Wednesday, April 10, 2013

Highlighting splits in a splits graph


A splits graph is interpreted in terms of splits, or bipartitions, which divide the graph into two non-overlapping parts. If one wishes to refer to particular splits in a graph then one needs a way of highlighting those splits.

This can be done in a number of ways, some of them derived from conventions originating for the presentation of rooted phylogenetic trees. These include highlighting the taxa in one of the partitions, which is analogous to highlighting a clade in a rooted phylogenetic tree. Alternatively, we could colour the edges associated with each of the two partitions, as shown in this previous blog post (How to interpret splits graphs); however, this works only for a single split at a time.

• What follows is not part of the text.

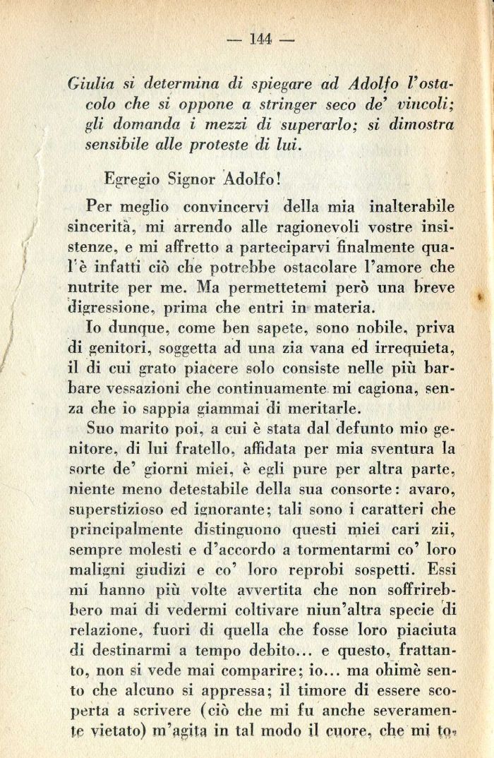 Io dunque, come ben sapete, sono nobile, priva di genitori, soggetta ad una zia vana ed irrequieta, il di cui grato piacere solo consiste nelle più barbare vessazioni che continuamente mi cagiona, senza che io sappia giammai di meritarle.
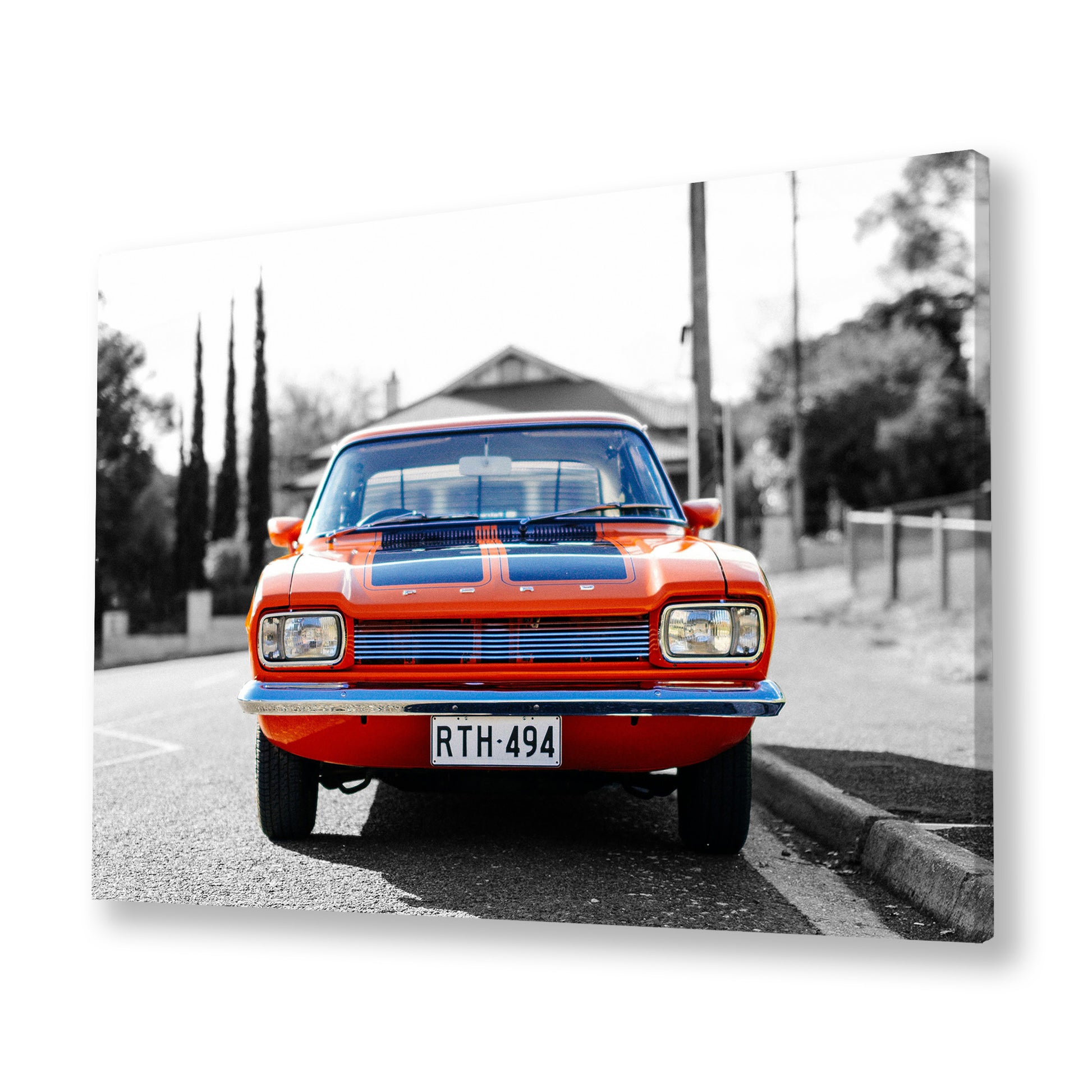 1970s MK1 Ford Capri - Vista Orange Black Stripes Canvas Art

Alternatively, it is also possible to label the edges of the splits themselves, as shown in this previous blog post (Representing evolutionary scenarios using splits graphs). Dabert et al. (Dabert M, Witalinski W, Kazmierski A, Olszanowski Z, Dabert J (2010) Molecular phylogeny of acariform mites (Acari, Arachnida): strong conflict between phylogenetic signal and long-branch attraction artifacts. Molecular Phylogenetics and Evolution 56: 222-241) present another possibility, which is to colour only the edges that separate to two partitions of each split, as shown in the figure.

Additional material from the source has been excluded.